Kort Remco, Hellingwerf Klaas J, Ravelli Raimond B G
Laboratory for Microbiology, Swammerdam Institute for Life Sciences, University of Amsterdam, Nieuwe Achtergracht 166, 1018 WV Amsterdam, The Netherlands.
J Biol Chem. 2004 Jun 18;279(25):26417-24. doi: 10.1074/jbc.M311961200. Epub 2004 Mar 16.

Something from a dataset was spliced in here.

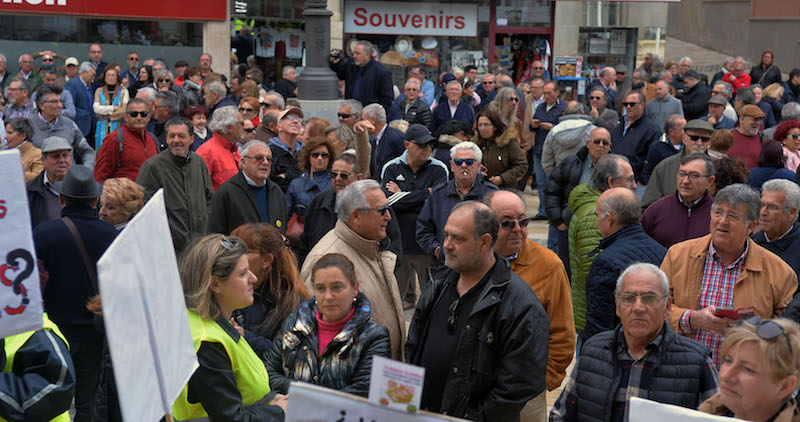 Un informe publicado por el sindicato de técnicos del ministerio de Hacienda (Gestha) refleja que más de tres millones de jubilados en España cobran por debajo del umbral de la pobreza, es decir, que no llegan a 8.200 euros anuales. El porcentaje es del 32,6%, que varías según las comunidades autonómicas, desde el 23,8% de Asturias al 45,4% de Melilla, situándose en el 38,8% en la Región de Murcia. Esta mañana, pese al tiempo desapacible, más de dos mil personas se han concentrado en la plaza del Ayuntamiento en una nueva protesta por las pensiones.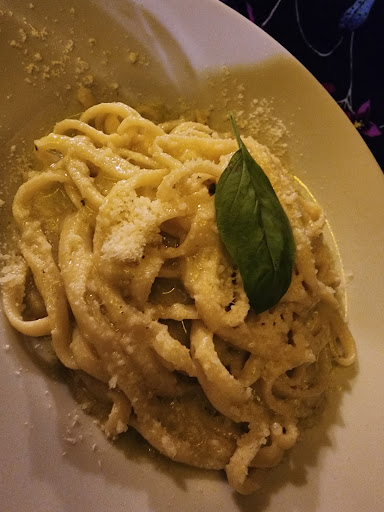 Read moreService and atmosphere were lovely. Food was middling at best. We had the anchovy, tomato, bruschetta, as well as the Linguine Limone and Caccio e Peppe, the latter based on one of the reccomendations below (the lady lied or had her taste buds removed). The anchovies were canned, not the typical Italian style served on bruschetta. The pasta was a little bland, the water wasn't salted and some pieces were undercooked. The sauce didn't stick, which leads me to believe that it wasn't finished properly. Regardless, there are better places I'm sure. Oh, we had the pizza too. The crust was just a bit too tough, enough to notice and it wasn't saved by the toppings. Overall it wasn't the worst we've had. Unfortunately this was a miss. However, the house wine was good and the service and atmosphere really was lovely. The manager was terrific, they were very friendly and gave us complimentary limoncello. If you're in the area and don't really have options, then try this place. It seems...

The light-induced isomerization of a double bond is the key event that allows the conversion of light energy into a structural change in photoactive proteins for many light-mediated biological processes, such as vision, photosynthesis, photomorphogenesis, and photo movement. Cofactors such as retinals, linear tetrapyrroles, and 4-hydroxy-cinnamic acid have been selected by nature that provide the essential double bond to transduce the light signal into a conformational change and eventually, a physiological response. Here we report the first events after light excitation of the latter chromophore, containing a single ethylene double bond, in a low temperature crystallographic study of the photoactive yellow protein. We measured experimental phases to overcome possible model bias, corrected for minimized radiation damage, and measured absorption spectra of crystals to analyze the photoproducts formed. The data show a mechanism for the light activation of photoactive yellow protein, where the energy to drive the remainder of the conformational changes is stored in a slightly strained but fully cis-chromophore configuration. In addition, our data indicate a role for backbone rearrangements during the very early structural events.
双键的光致异构化是一个关键事件,它使得光能在许多光介导的生物过程(如视觉、光合作用、光形态建成和光运动)中转化为光活性蛋白的结构变化。自然界选择了诸如视黄醛、线性四吡咯和4-羟基肉桂酸等辅因子,它们提供了必需的双键,将光信号转化为构象变化,并最终引发生理反应。在此,我们通过对光活性黄色蛋白进行低温晶体学研究,报告了后一种发色团(含有一个乙烯双键)光激发后的初始事件。我们测量了实验相位以克服可能的模型偏差,校正了最小化的辐射损伤,并测量了晶体的吸收光谱以分析形成的光产物。数据显示了光活性黄色蛋白的光激活机制,其中驱动其余构象变化的能量存储在一种略微应变但完全顺式的发色团构型中。此外,我们的数据表明了主链重排在非常早期的结构事件中的作用。